The Kosher Machine

August 7, 2013
BY Maayan Jaffe
The JT examines the kashrut industry, the details and the disputes that make eating kosher complicated and sometimes costly

Kosher Style?
Wegmans boasts a large selection of kosher pre-prepared foods — but what the store means is kosher style. One reader informed the JT that she went to get food for her Orthodox son at Wegmans because she saw the large sign stating it was kosher — a sign she later learned was “misleading.”

But Wegmans store manager Rita Gibney and deli kosher manager Keith Pfeiffer disagree.

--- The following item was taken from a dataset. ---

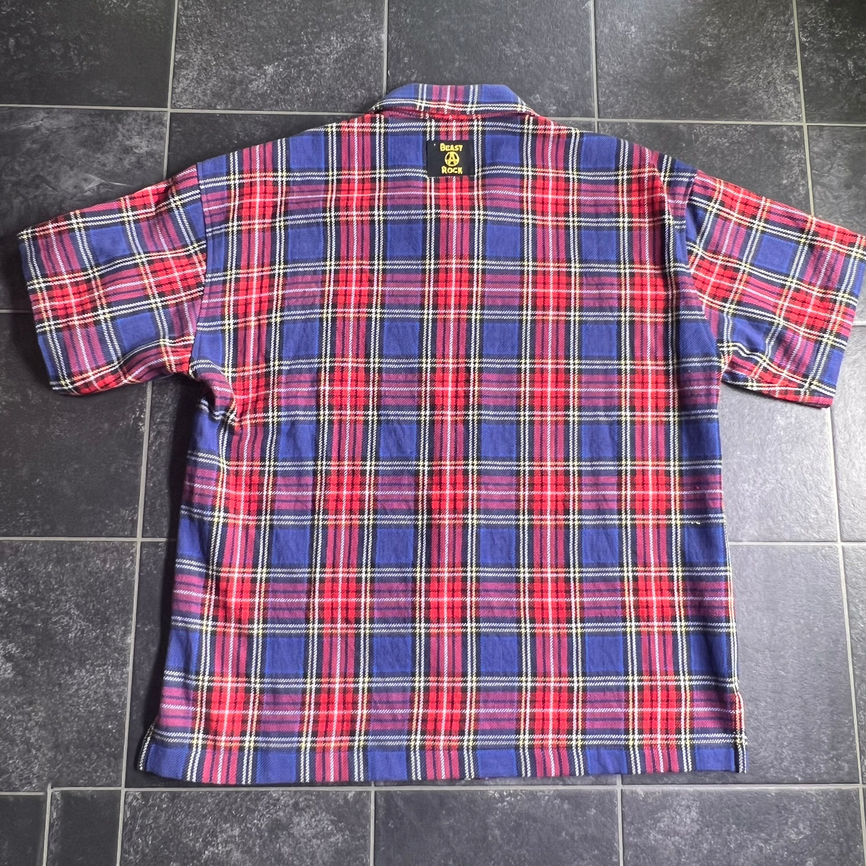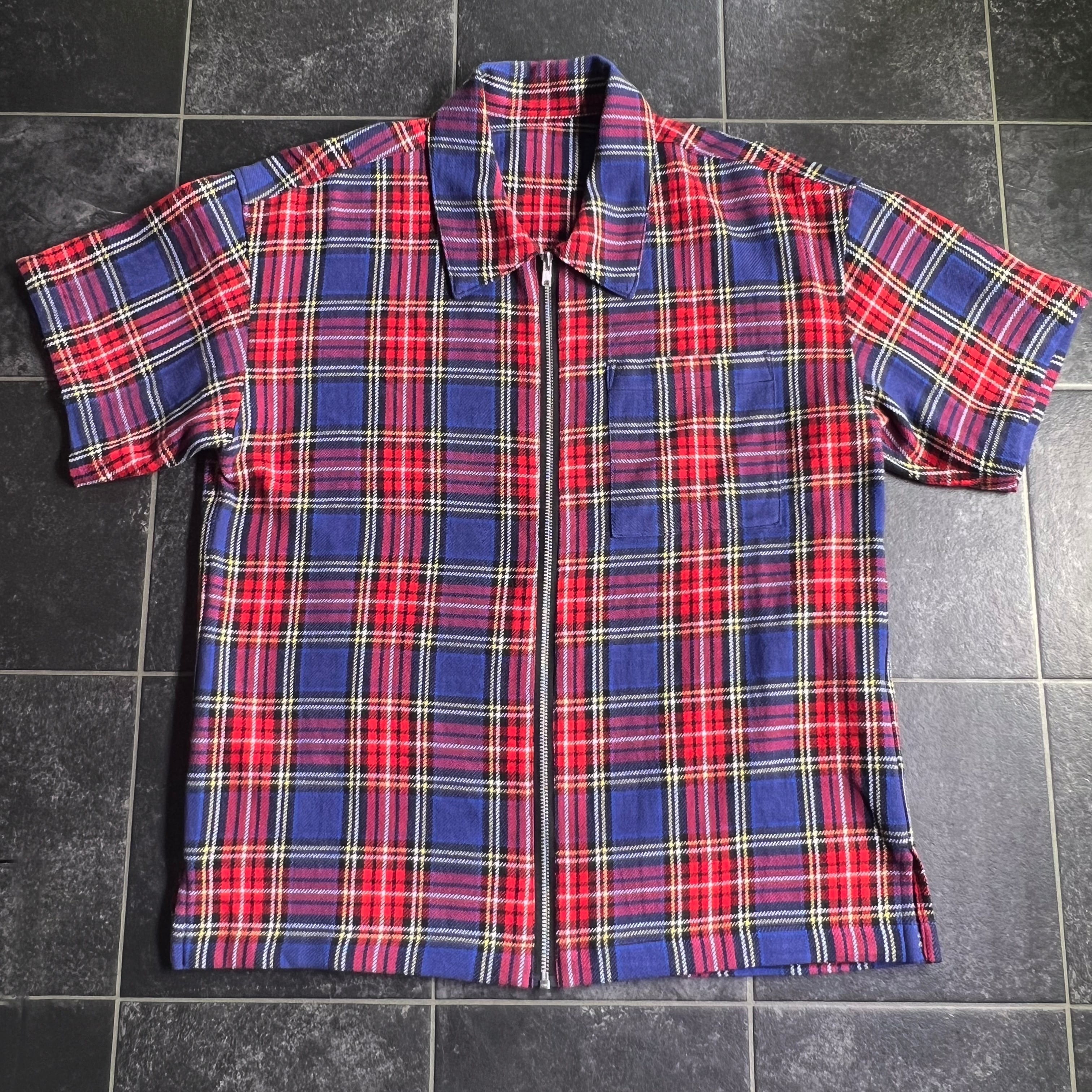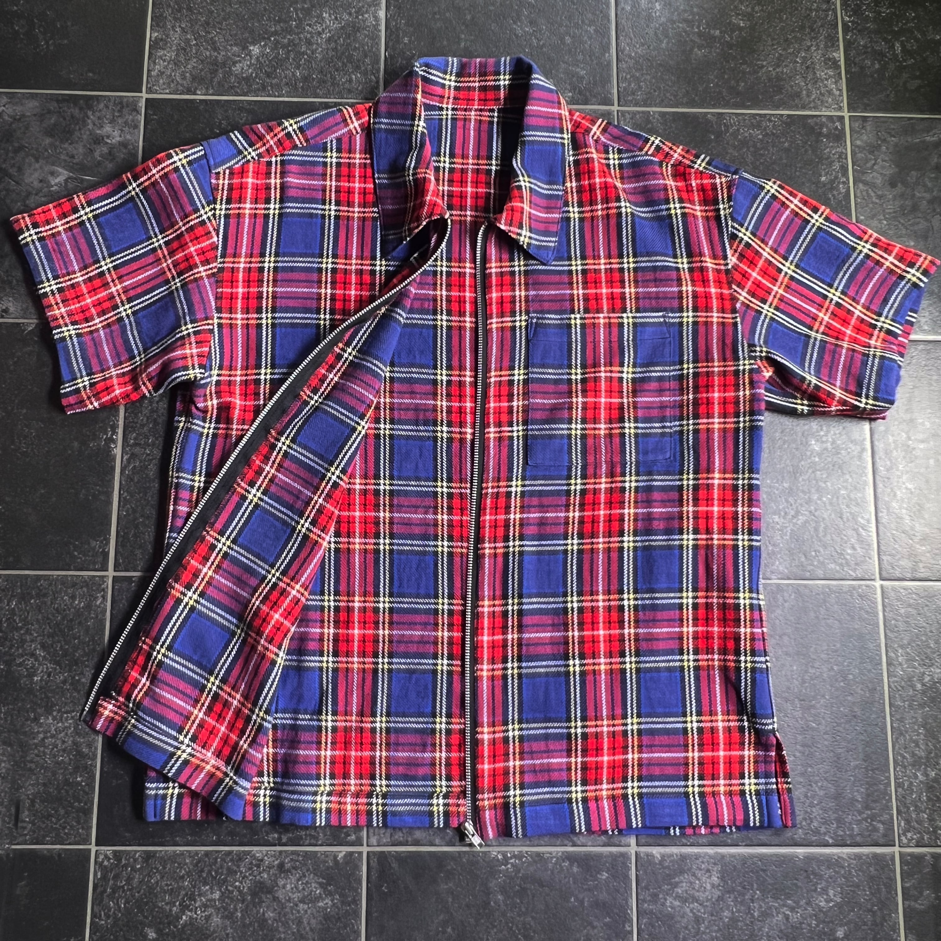 クラシックな大ぶりタータンチェックを使用したジップシャツ。

They said they rarely have mix-ups, and on the countertop there is a letter explaining that the food comes in kosher certified but is prepared in the general kitchen, making it “kosher style.”

Wegmans does carry a selection of “true kosher certified” products, said Pfeiffer, noting those come pre-package and remain sealed. Otherwise, he takes the inventory and makes fresh salads and other dishes.

Among Wegmans most popular items: kosher-style chicken salad, rotisserie chickens and the Waldorf salad.

At Passover time, Wegmans goes through a koshering process. Again, noted Pfeiffer, it is not under the watch of a rabbinic supervisor, but he was once trained, and he follows the manual.

“We try to follow it as true as we can,” he said.